3) Story must be linked to at least one major news outlet, newspaper or periodical. Other secondary links encouraged.

4) Members should include the Breaking News:  prefix in front of the Title.  (Admin may do this automatically for us -- so check current usage.)

5) Moderation reserves the right to move and place in a more appropriate forum. OR to move brand new threads to this Front Page forum..

6) Keep the conversations on the news topic as details comes in. Serious derailments will result in closure. And try to NOT extend the conversations much past the point where it's no longer "breaking".

IMPORTANT NOTE:
Realize that during the start-up period, threads may require Moderation Approval before they APPEAR in the listings. This may be inconvenient for Breaking News, but the "delayed" posting  will eventually "go away" once members start sourcing enough material to sustain the forum.  It might take up to 15 to 30 minutes for that approval. 

PLEASE try it out. *_


----------



## Moonglow

Breaking news! CK is still chained in my basement..


----------



## DarkFury

*What happens to the existing OP Ed writers?*


----------



## Moonglow

DarkFury said:


> *What happens to the existing OP Ed writers?*


They are also chained in my basement..


----------



## flacaltenn

DarkFury said:


> *What happens to the existing OP Ed writers?*



There may be a day when it REVERTS to an OP ED section. But right now, getting new writers and accounts and recruiting is something that takes too much Admin time to do.. 

We kicked around other ideas..  Not a lot of interest in selecting threads by other means. We'll contact the writers with the special accounts and put them on hold when/IF this is implemented.


----------



## IsaacNewton

You'll have to watch for the people here that already spam the site with '_Scary news of the internet and beyond!_'.


----------



## norwegen

Rule # 2 changes everything.  If the stories are going to be about broads, I might read some of them.


----------



## flacaltenn

IsaacNewton said:


> You'll have to watch for the people here that already spam the site with '_Scary news of the internet and beyond!_'.

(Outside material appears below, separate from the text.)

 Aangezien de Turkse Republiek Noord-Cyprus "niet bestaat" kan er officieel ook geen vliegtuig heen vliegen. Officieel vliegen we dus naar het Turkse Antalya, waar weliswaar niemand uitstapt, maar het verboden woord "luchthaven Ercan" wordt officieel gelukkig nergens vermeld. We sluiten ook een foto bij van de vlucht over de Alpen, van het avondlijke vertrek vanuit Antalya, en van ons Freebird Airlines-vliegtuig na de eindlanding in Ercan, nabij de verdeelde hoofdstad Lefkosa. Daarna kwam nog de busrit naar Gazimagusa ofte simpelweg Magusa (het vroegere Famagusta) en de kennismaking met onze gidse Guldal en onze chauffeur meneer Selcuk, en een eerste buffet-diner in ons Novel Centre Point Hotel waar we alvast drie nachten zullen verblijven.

Haviing to provide a link to the sources listed -- is meant to help. Something better than "my cabbie just told me"..


----------



## Luddly Neddite

More forums? There are already too many and everything will still be posted in Politics and Current Events. 

But sure. Go for it.


----------



## flacaltenn

Luddly Neddite said:


> More forums? There are already too many and everything will still be posted in Politics and Current Events.
> 
> But sure. Go for it.



It's not "another" forum. It's a way to replace a forum on the Home Page that's supposed to entice people into USMB.  If it doesn't work -- we might put a Cat Video forum in it's place.


----------



## Compost

Let me see if I understand this.  When new people visit USMB they can read anything they want except the Taunting area stuff.  You think Breaking News will be a major draw.  Seems to me people visit forums to talk after reading breaking news somewhere else.  Adding a Breaking News section will just be another place to post politics and current events.  

I'm not clear on why you guys think the OP section is supposed to draw crowds- maybe it could be moved further down the page.  Put whatever the most popular/active forum is on the top.


----------



## Gracie

Why not just have tweeters here tweet interesting threads? Kinda hard to discuss hot topics over there with minimal characters in each "reply" or "comment".

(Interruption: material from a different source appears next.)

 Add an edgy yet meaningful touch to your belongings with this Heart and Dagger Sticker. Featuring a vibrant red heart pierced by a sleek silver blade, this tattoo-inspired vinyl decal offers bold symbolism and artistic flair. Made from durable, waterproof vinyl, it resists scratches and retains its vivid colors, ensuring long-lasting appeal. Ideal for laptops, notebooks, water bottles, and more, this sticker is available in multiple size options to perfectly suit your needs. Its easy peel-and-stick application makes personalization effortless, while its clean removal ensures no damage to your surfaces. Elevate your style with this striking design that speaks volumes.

I've been tweeting links from your thingybob on the top of each thread and it may have helped in getting some new folks in here, but they won't stay if the Intro Thread keeps getting derailed with insults. Staff needs to keep on top of that cuz it happens a lot.


----------



## Darkwind

flacaltenn said:


> IsaacNewton said:
> 
> 
> 
> You'll have to watch for the people here that already spam the site with '_Scary news of the internet and beyond!_'.
> 
> 
> 
> 
> Haviing to provide a link to the sources listed -- is meant to help. Something better than "my cabbie just told me"..
Click to expand...

Unless it's from the NYT's, then the cabbie is more reliable.


----------



## Kat

Gracie said:


> Why not just have tweeters here tweet interesting threads? Kinda hard to discuss hot topics over there with minimal characters in each "reply" or "comment".
> 
> *I've been tweeting links from your thingybob on the top of each thread *and it may have helped in getting some new folks in here, but they won't stay if the Intro Thread keeps getting derailed with insults. Staff needs to keep on top of that cuz it happens a lot.


----------



## MeBelle

Darkwind said:


> flacaltenn said:
> 
> 
> 
> Haviing to provide a link to the sources listed -- is meant to help. Something better than "my cabbie just told me"..
> 
> 
> 
> Unless it's from the NYT's, then the cabbie is more reliable.
> 
> View attachment 131887
Click to expand...


----------



## strollingbones

wonders if MeBelle has switched to uber drivers.....


----------



## MeBelle

strollingbones said:


> wonders if MeBelle has switched to uber drivers.....



Dang it strollingbones  I was so tempted to post something.


----------



## longknife

#3 bothers me.

There are LOTS of breaking stories that come from sources not considered to be "major media outlets." In fact, there are lot of stories that the major media outlets refuse to cover.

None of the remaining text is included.